To enable the plugin, run `psalm-plugin enable plugin-vendor/plugin-package`. To disable it, run `psalm-plugin disable plugin-vendor/plugin-package`. `psalm-plugin show` (as well as bare `psalm-plugin`) will show you the list of enabled plugins, and the list of plugins known to `psalm-plugin` (installed into your `vendor` folder)
## Authoring composer-based plugins
### Requirements
Composer-based plugin is a composer package which conforms to these requirements:
1. Its `type` field is set to `psalm-plugin`
2. It has `extra.psalm.pluginClass` subkey in its `composer.json` that reference an entry-point class that will be invoked to register the plugin into Psalm runtime.
3. Entry-point class implements `Psalm\PluginApi\PluginEntryPointInterface`
### Using skeleton project
Run `composer create-project weirdan/psalm-plugin-skeleton:dev-master your-plugin-name` to quickly bootstrap a new plugin project in `your-plugin-name` folder.

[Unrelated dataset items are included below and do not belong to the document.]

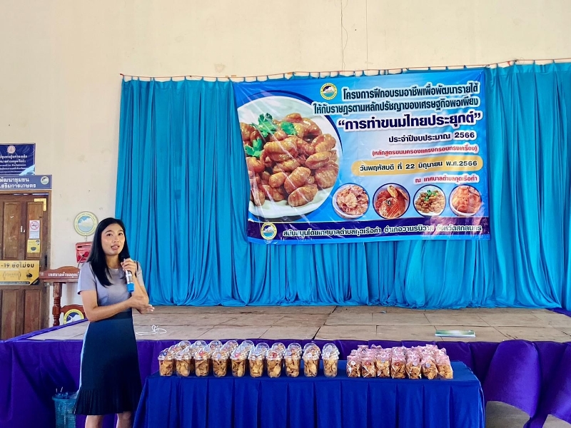 โครงการฝึกอบรมอาชีพเพื่อพัฒนารายได้ให้กับราษฎรตามหลักปรัชญาของเศรษฐกิจพอเพียง “การทำขนมไทยประยุกต์” ประจำปีงบประมาณ 2566 (หลักสูตรขนมครองแครงกรอบทรงเครื่อง)
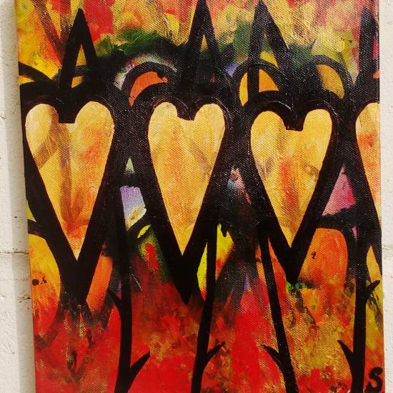 82/365 – The 82nd painting of 2017, March 23rd – “Fresh Leaf Growth” – Fresh leaf growth and the notion of a smaller painting brought to a finished state every day of the year during 2017. Fresh leaf growth and new layers growing on on an evolving canvas now concluded (25cm x 30cm) – Acrylic, spray paint, brush work, marker pen, varnish.
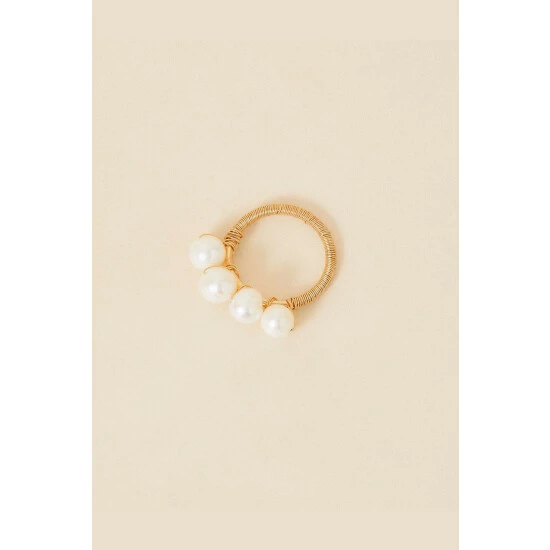 Wound with a cluster of fresh water pearls, this ring slips on the finger perfectly with a simple gold-tone band – ideal for your every day stack.
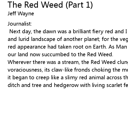 | Wherever there was a stream, the Red Weed clung and grew with frightening voraciousness, its claw-like fronds choking the movement of the water, and then it began to creep like a slimy red animal across the land, covering field and ditch and tree and hedgerow with living scarlet feelers, crawling, crawling! |
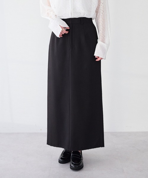 <大切な日を彩る。ハレの日服 ー Ceremony Collection> *すっきり縦長ラインで品よく決まる。カットアウトヘムIラインスカート。 【素材・着心地】 ポリエステルベースのしっかりした生地に裏地を配し、透け感は気にならない仕上がり。 適度なハリ感でラインがきれいに出つつ、後ろウエストのゴム入りで座ったときや食事後も窮屈になりにくく快適です。 生地の厚みは普通なので春の軽やかさや秋の立ち上がりにぴったり。 冬はタイツやロングブーツと合わせて温かく着回せます。 【デザイン・シルエット】 すっきりしたIラインが縦のラインを強調し、タイト過ぎない適度なゆとりで動きやすさを両立。 後ろスリットとカットアウトヘムが歩行時の抜け感を生み、サイドポケットやベルトループ、フロントのフック留めなど実用的なディテールも充実しています。 ベージュとブラックの落ち着いた色展開はきれいめカジュアルに相性抜群です。 【スタイリング】 通勤のオフィスカジュアルにはブラウスとジャケットで整えてローファーやヒールを合わせると好印象。 休日コーデはニットやカットソーをインしてスニーカーやフラットでリラックスに。 ベージュはワントーンで柔らかく、ブラックは引き締め役に。 旅行や学校行事など動きやすさが欲しいシーンにも頼れる、30代〜40代の大人のデイリーユースにフィットする一着です。 透け感[なし] 生地の厚さ[普通] 光沢感[なし] 伸縮性[なし] 裏地[あり] ポケット[あり] ※モデル着用画像は、光の当たり具合で色味が違って見える場合がございます。※お使いのモニター環境によって商品の色味が違って見える場合がございます。  ̄ ̄ ̄ ̄ ̄ ̄ ̄ ̄ ̄ ̄ ̄ ̄ ̄ ̄ ̄ ̄ ̄ ̄ ̄ ▼商品のお気に入り登録がおすすめです ▼ 商品ページ内のハートマークをクリック。完売時の再入荷や、最後の1点の通知、最後の1点など、お得なお値下げ情報を受けとる事ができます。 【お知らせ】ページでも通知が確認できます。  ̄ ̄ ̄ ̄ ̄ ̄ ̄ ̄ ̄ ̄ ̄ ̄ ̄ ̄ ̄ ̄ ̄ ̄ ̄
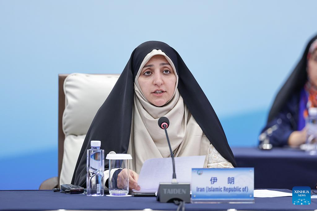 A representative from Iran attends the plenary meeting of the Global Leaders' Meeting on Women in Beijing, capital of China, Oct. 13, 2025. (Xinhua/Zhang Yuwei)
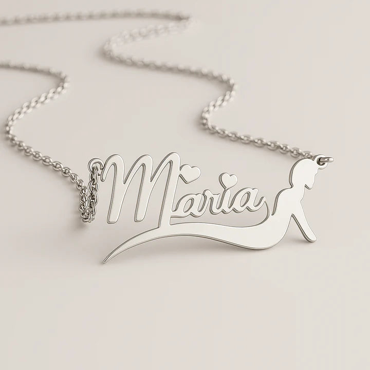 Celebrate magic and individuality with our Personalized Mermaid Name Necklace – a stunning piece crafted for those who love the sea, sparkle, and self-expression. Featuring a custom name in elegant script, this necklace is enhanced with adorable heart accents and a graceful mermaid silhouette, symbolizing beauty, strength, and freedom.
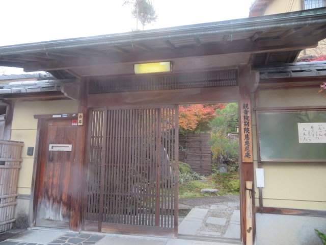 こちらのお寺は、寺社町ともいえるお寺の集中したエリアにあります。ただ、外観はログハウス風で、ちょっと情緒に欠ける外観です。すぐそばに、観音院別院慈恵尼庵の格子戸の入り口がありました。しかし、こちらの建物も民家のようでした。
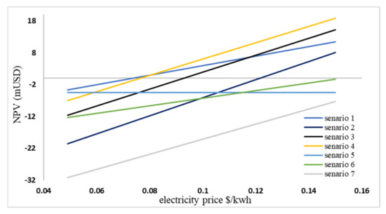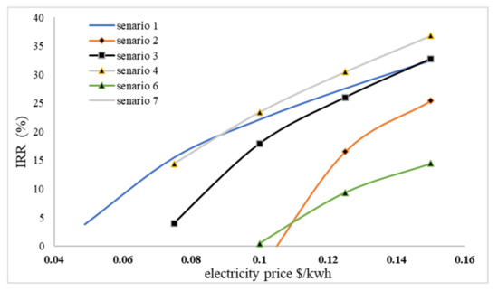 On the one hand, as the selling price of electricity rises, it can be observed that as the scenario’s electricity generation increases, the NPV will increase with a steeper slope. The NPV diagram reveals that scenario 7, with a positive IRR, is not economically viable, even if the price of electricity is tripled. Moreover, with the increase in electricity cost to over 0.09 $/kWh, scenario 4 is valid.
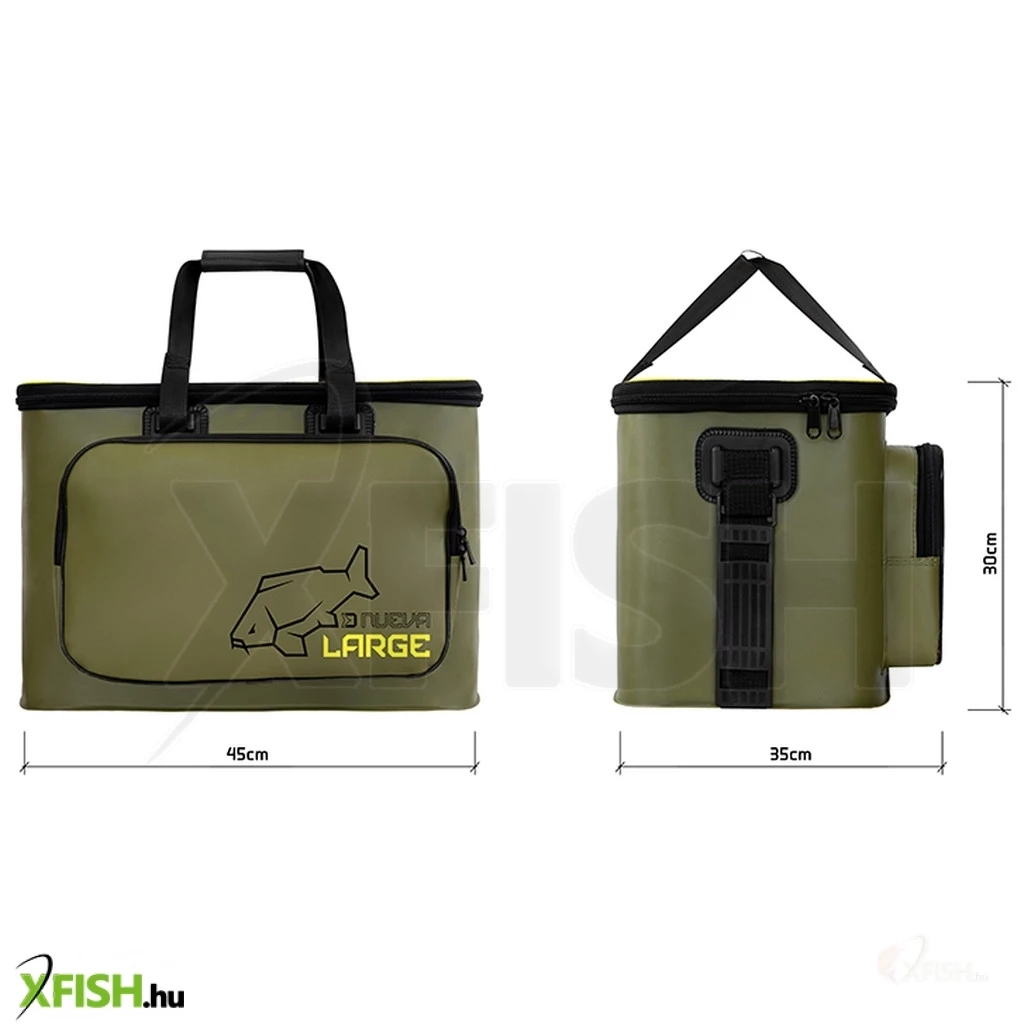 A Delphin NuEVA Large 45x30x35 cm-es horgásztáska egy EVA anyagból készült, sokoldalú táska, nagy tároló kapacitással, amit különféle horgászfelszerelések, műcsalik vagy csalik tárolására és szállítására terveztek.

Make sure you adjust namespaces in `composer.json`, `Plugin.php` and `tests` folder.
### Upgrading file-based plugin to composer-based version
Create new plugin project using skeleton, then pass the class name of you file-based plugin to `registerHooksFromClass()` method of the `Psalm\PluginApi\RegistrationInterface` instance that was passed into your plugin entry point's `__invoke()` method. See the [conversion example](https://github.com/vimeo/psalm/examples/composer-based/echo-checker/).
### Registering stub files
Use `Psalm\PluginApi\RegistrationInterface::addStubFile()`. See the [sample plugin] (https://github.com/weirdan/psalm-doctrine-collections/).
Stub files provide a way to override third-party type information when you cannot add Psalm's extended docblocks to the upstream source files directly.